# Your black friday-cyber monday/ holiday purchases.



## Epoch (May 12, 2012)

I wanted to become a producer in the cigar pron biz, instead of just being a consumer, so I thought I would start this thread.
What did you get for yourself or others over the big shopping weekend? 
I got
View attachment 73464

Refills for my box of my Father Le Bijou PRs.
Box of Oliva 2010 V Maddies
Box of Camacho 10th
5er of Viaje 50/50 Black that I have been searching for for months.
A few of the Viaje holiday blend from last year to share with others around, you guessed it, the holidays.
A tenner of the Pinar Del Rio Oscuro. A buddy gave me one from a sampler and I thought it was great for a sub $3 smoke.
Some of this will be going into my fellow noob smoking buddy's Christmas present, the rest will nap until spring.
Now lets see yours!


----------



## Bondo 440 (Jul 24, 2012)

Just 35 more smokes. I know most people here don't like infused. I call those BOTL " Antacids " :lol:
But actually my Naturals humidor is full so the "Acidor" looked barren and needed some stock to catch up.
None of this info will help you, however somewhat topical.. 

Quantity 2 Acid Blondie - 4 x 38-5 Cigars
Quantity 1 CAO Flavours - Moontrance Petite Corona - 4 x 38-Box of 25


Like some others here have said.. This is likely it for the year. Couple hundred smokes here.


----------



## Epoch (May 12, 2012)

​Antacids, love it.
I enjoy a coffee infused now and then. Whatever your palate enjoys...


----------



## Ozzy (Nov 16, 2012)

Get some pictures up if you can guys, would be great to see what you got!


----------



## Epoch (May 12, 2012)

Lets try that again, thought I had a pic up the first time.


----------



## helgusmc (Nov 23, 2012)

First Humidor and start of sticks


----------



## jphank (Apr 29, 2012)

Two boxes of my go-to cigar for $1.95 a stick 










And of course, Warren, being my ex-llama buddy, threw in a Cohiba cutter for me


----------



## socalocmatt (Dec 22, 2010)

I picked up (well, not yet but I reserved it) a box of Davidoff Double R Colorado Claro and some "other" cigars.


----------



## Ozzy (Nov 16, 2012)

Some nice pics there, congrats on the first humi jerry!


----------



## helgusmc (Nov 23, 2012)

Thanks Ozzy


----------



## Tex (Nov 14, 2012)

Got a Padron No. 88 natural Sampler! 
1 1964 Anniversary
1 2000
1 3000
1 4000
1 5000


----------



## Sarge (Nov 21, 2010)

I didn't catch any good Black Friday deals on smokes and haven't been able to buy any smokes for a while... Probably shouldn't have bought anything but, there's no way I couldn't pass these up @ Amazon.com.

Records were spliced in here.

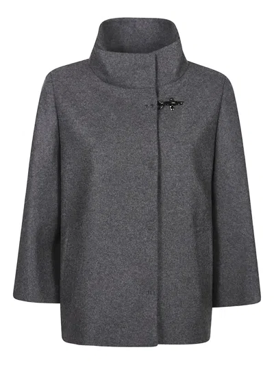 High Collar Long Sleeve Jacket Design In Gray
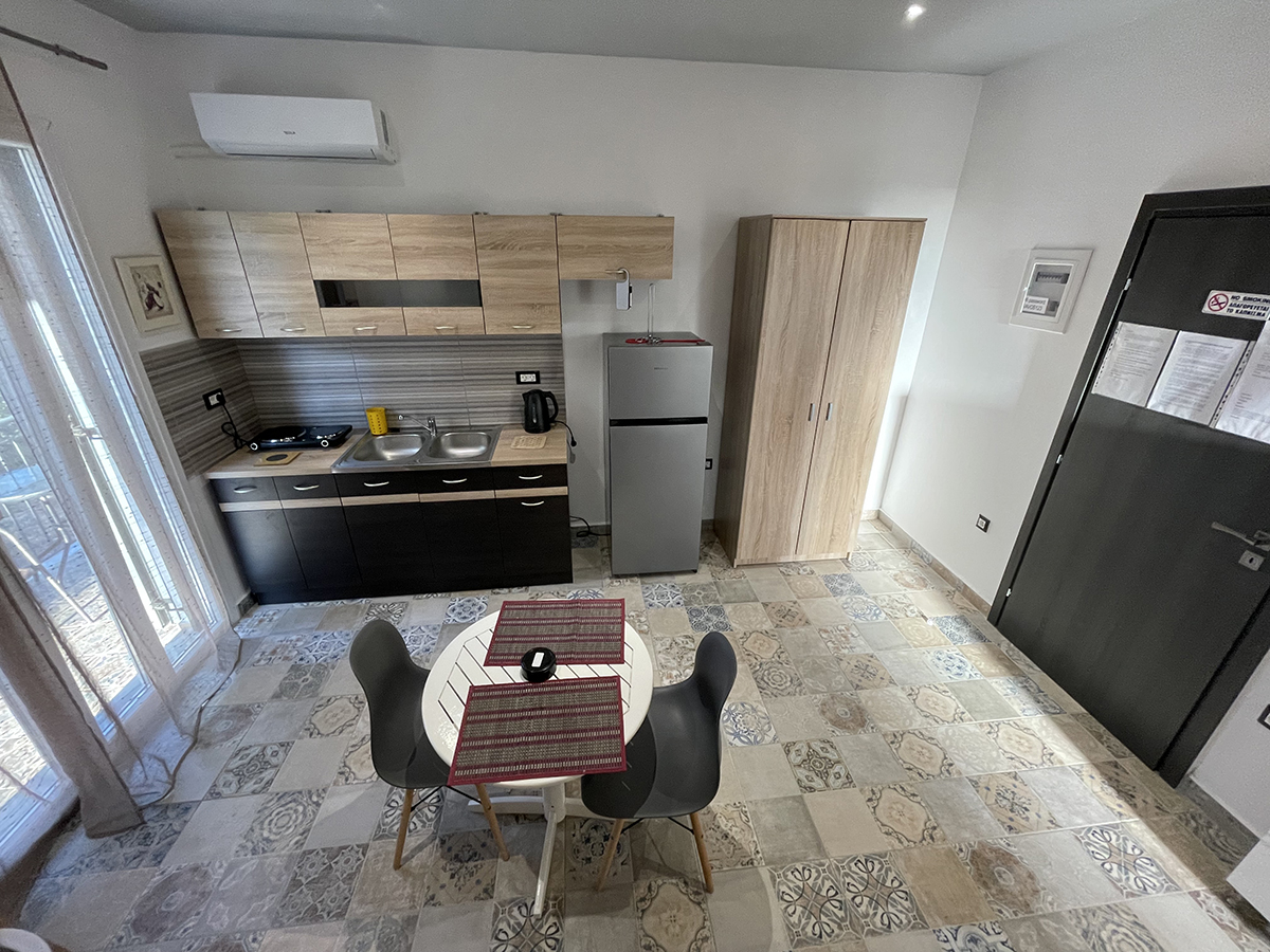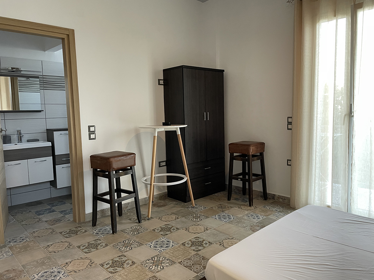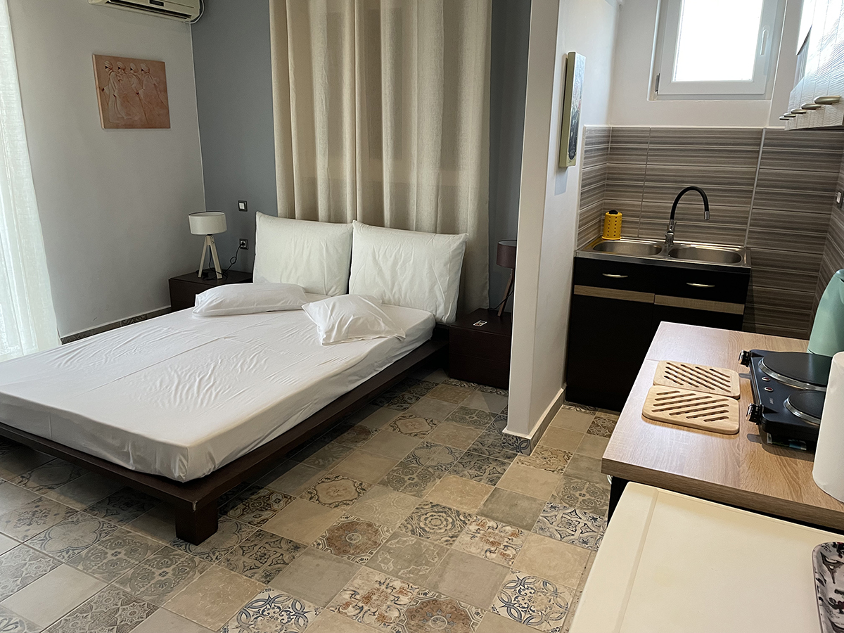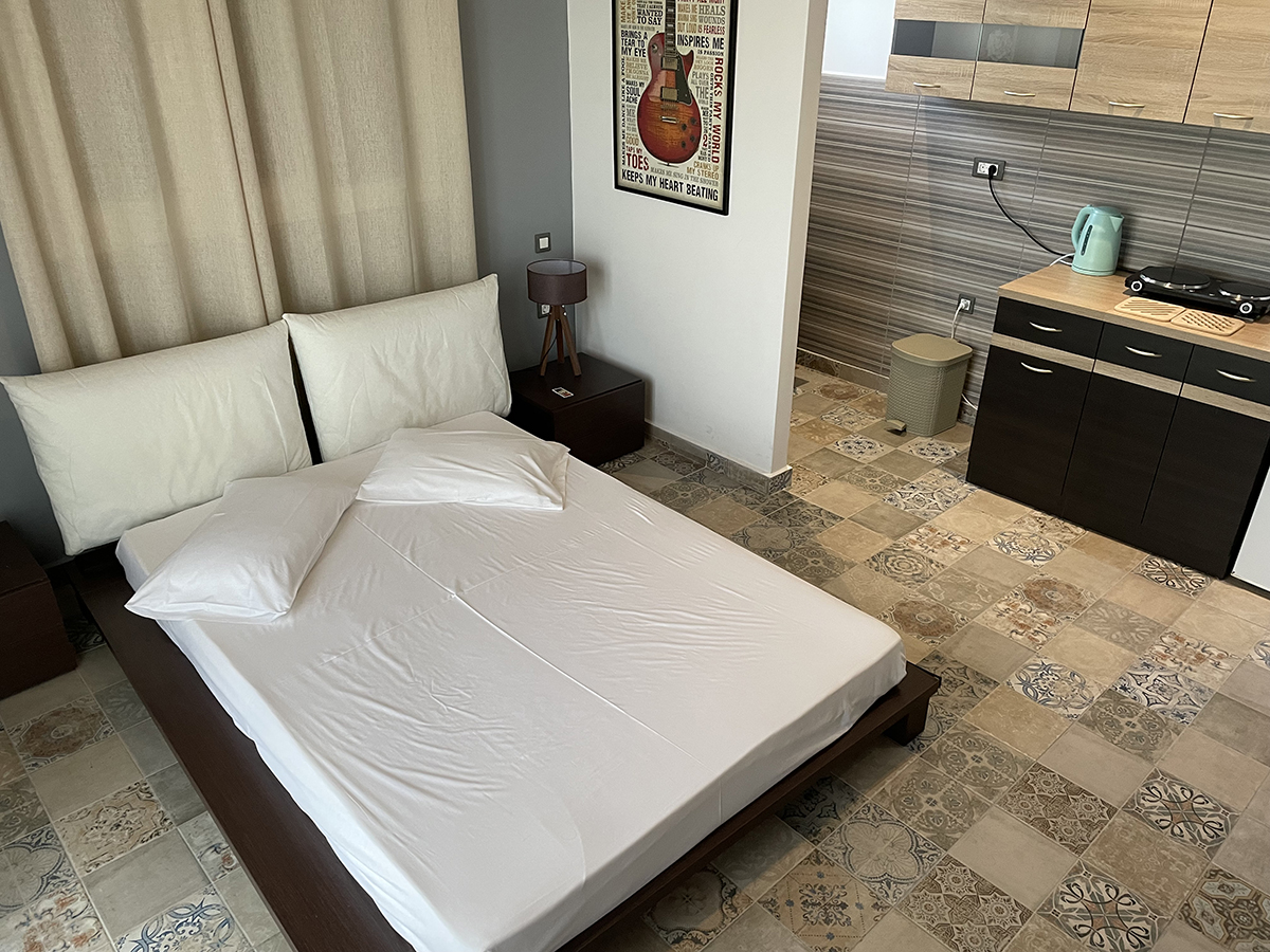Dvokrevetni studio – poseduje 1 francuski ili 2 sing ležaja, orman za stvari, noćni stočić i klima uređaje, kuhinju opremljenu osnovnim posuđem. Takođe, studio poseduje i kupatilo sa tuš/WC, kao i terasu sa garniturom za sedenje.
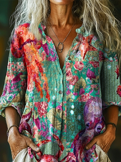 Women's Octopus Garden Art Pattern Print Casual Cotton Linen Shirt
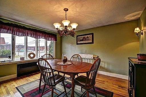 Showings start at OH, Sat & Sun, 12-1:30. Corner lot, quaint neighborhood & nice curb appeal! Its either ceramic tile flooring or hardwood flooring in this well loved 6 room Cape featuring an updated kitchen with ceramic tile flooring, gas cooking, built in microwave, recessed lighting, and good cabinet/counter space. Front room dining room features an awesome, oversized bow window. Roomy living room has cathedral, rich looking knotty pine ceiling with ceiling fan & closet. First floor, cozy bedroom has French doors to deck, ceiling fan & crown moldings. 2 Front to back upstairs bedrooms; one with a cedar closet! 12x12 Composite deck overlooks level, fenced in yard boarded by landscaping as well as a open patio and garden shed. Walk out basement has potential for additional finished space. Windows 2013, heat & oil tank 2010, electric 2011, propane tanks 2017. Close to park, school, shopping & highway.
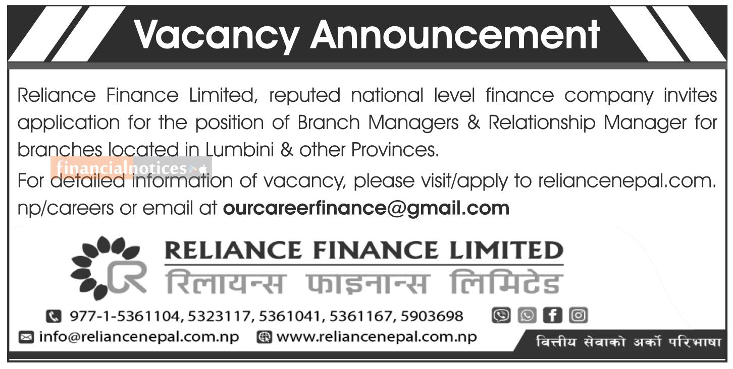 Reliance Finance Limited has invited applications for the positions of Branch Manager and Relationship Manager for its branches located in Lumbini Province and other provinces. The nationally reputed finance company is seeking qualified and experienced professionals to fill these vacant posts.
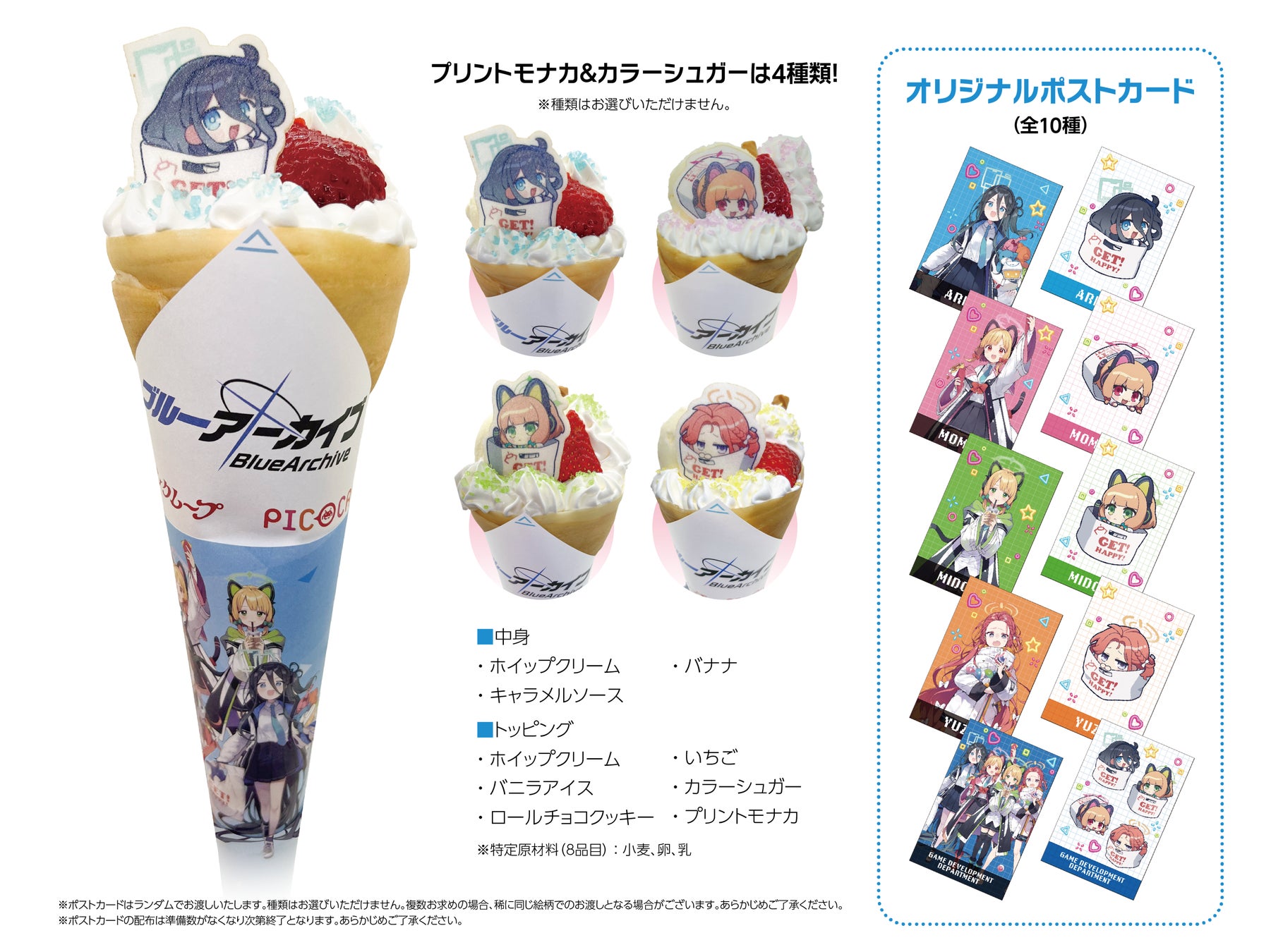 「ブルーアーカイブ×タイトーステーション~ゲームセンター潜入クエスト!~」スペシャルクレープを期間限定で販売いたします。スペシャルクレープをご注文いただいた方にはオリジナルポストカードをプレゼント!
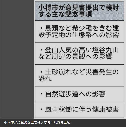 『小樽市、風力発電事業に反対 景観悪化、災害リスク懸念 余市町も意見書提出へ』
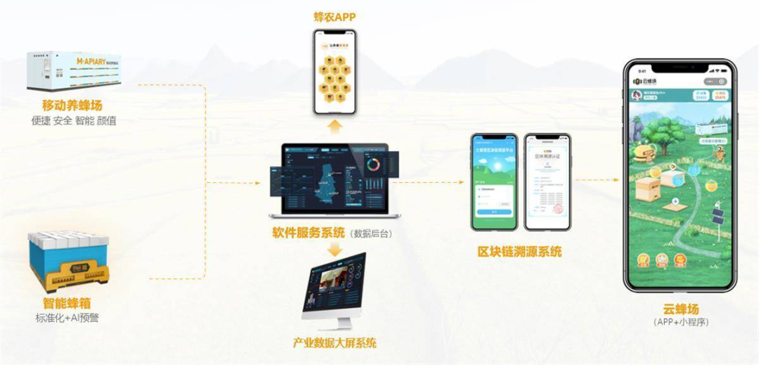 在綠野尚品公司辦公室內(nèi)的信息屏上,蜜源種類、蜂場信息、預(yù)計產(chǎn)量等各項信息清晰明了地顯示在“智慧蜂場”系統(tǒng)后臺。建設(shè)“智慧蜂場”的同時,公司升級原有養(yǎng)蜂設(shè)備,利用“智慧蜂箱”“大蜂慧”APP等高科技手段,打造具有竹溪特色的智慧蜂業(yè)產(chǎn)業(yè)互聯(lián)網(wǎng),搭建電商及線上服務(wù)平臺,促進(jìn)蜂蜜相關(guān)產(chǎn)品流通交易。同時,借助物聯(lián)網(wǎng)、大數(shù)據(jù)等技術(shù)建立蜂蜜相關(guān)產(chǎn)品溯源體系,生產(chǎn)者可進(jìn)行全流程跟蹤管理,消費(fèi)者也可追溯產(chǎn)品生產(chǎn)和流通過程,切實(shí)提升蜂產(chǎn)品質(zhì)量與產(chǎn)品信任度。
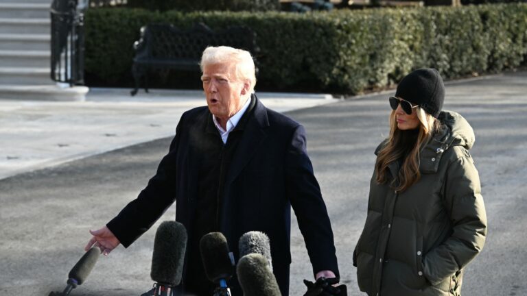 President Trump, shown here standing with first lady Melania Trump, speaks to reporters at the White House before leaving for his trip to North Carolina and California on Jan. 24. Pedro Ugarte/AFP via Getty Images hide caption toggle caption Pedro…
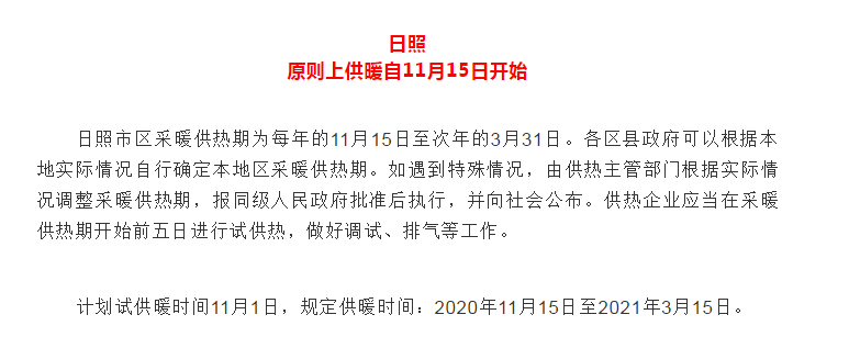 日照主城區試供熱,11月15日起達標供熱,供熱時間為11月15日至次年的3月31日,
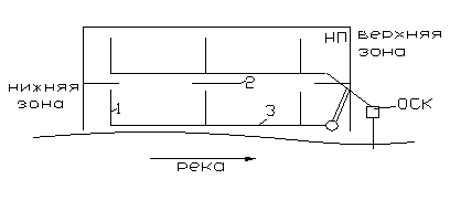 4) Зонная схема – территория разбивается на несколько зон: с верхней зоны стоки на ОСК отводятся самотеком; с нижней – перекачивается НС. В каждой зоне трассировка сетей проводится по одной из вышеперечисленных схем. Применяется при пересеченном рельефе, когда с какой-то части территории невозможно отвести стоки самотеком.
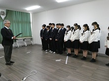 校長先生と誠友会(南高生徒会)会長からの激励に、造田さんが代表選手としても意気込みを語り謝辞としました。
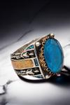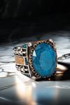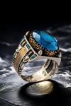 Osmanlı Gümüş Erkek Mavi Zirkon Taşlı Gümüş Yüzük
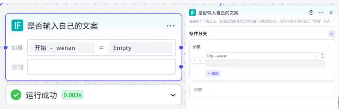 智能判断用户是否输入文案,决定走AI生成或现成文案
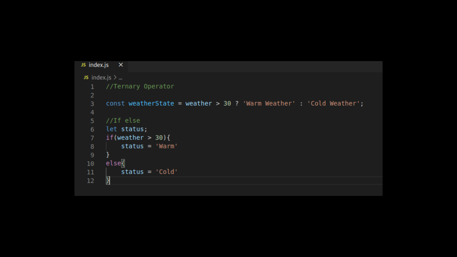 با شروع ؟ ، ما یک شرط را در سمت چپ و یک مقدار را در سمت راست اضافه می کنیم تا در صورت صحت شرط برگردد. سپس یک کولون اضافه می کنیم (:) و به دنبال آن یک مقدار برای بازگشت در صورت غلط بودن شرط.
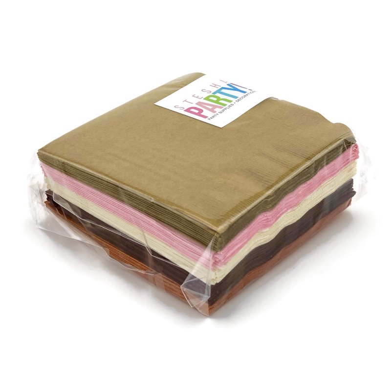 Serve cake and drinks at your woodland birthday or baby shower using these party napkins! Includes 50 beverage size (5" x 5") 3-ply paper napkins in an assortment of pink, gold, ivory, brown, and pumpkin.
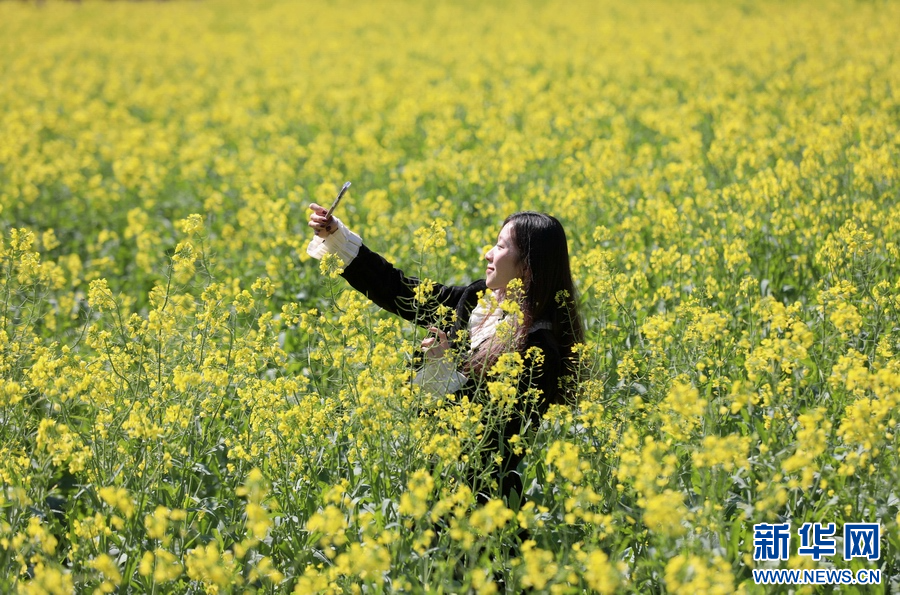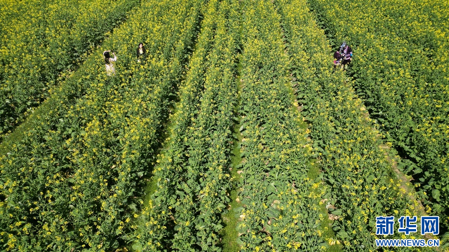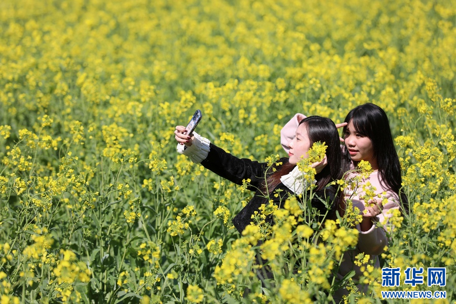 近日,广西柳州市三江侗族自治县老堡乡塘库村的百亩油菜花迎春绽放,宛若金色地毯铺满山间,田间处处流金溢彩、清香沁人,吸引众多游客前往踏春赏花。
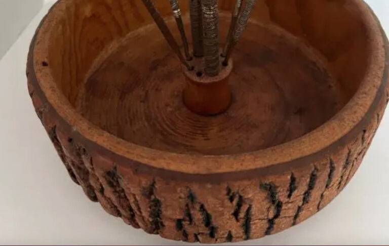 The nutcrackers could also often been found with a matching wooden bowl designed to look like a chestnut.
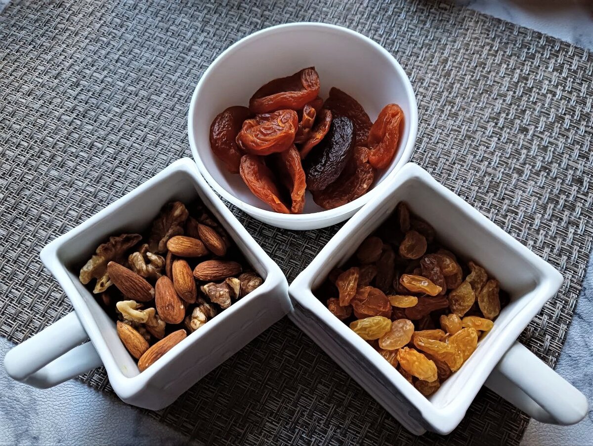 Сначала орехи, изюм и курагу тщательно промывают и просушивают.
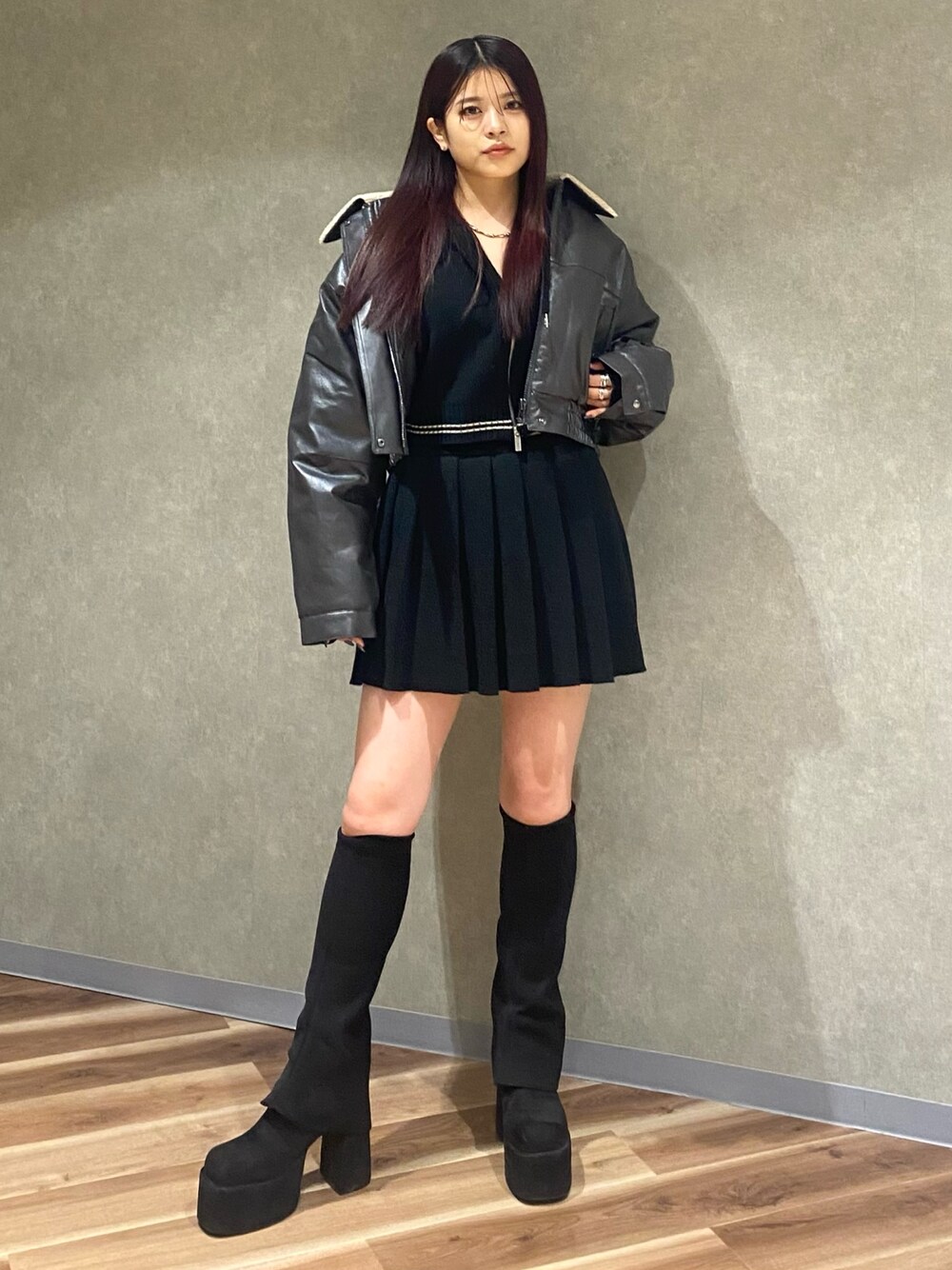 藤吉希羅々(EMODA)のブルゾン「フェイクレザーボアブルゾン」を使ったコーディネート

$180 Black Friday plus came w/ Playstation All Stars Battle Royale, 3 Free Months of PS Plus & some other random stuff.









$32 for a controller, dam right I'm going to buy one. Jak & Daxter for $15. 3 classic games remastered on PS3 for $5 each; Steal.

Hopefully next year more cigar merchants have some great deals. I mean it's not like they can't afford to give us 20% off and still make good $ off each sale.


----------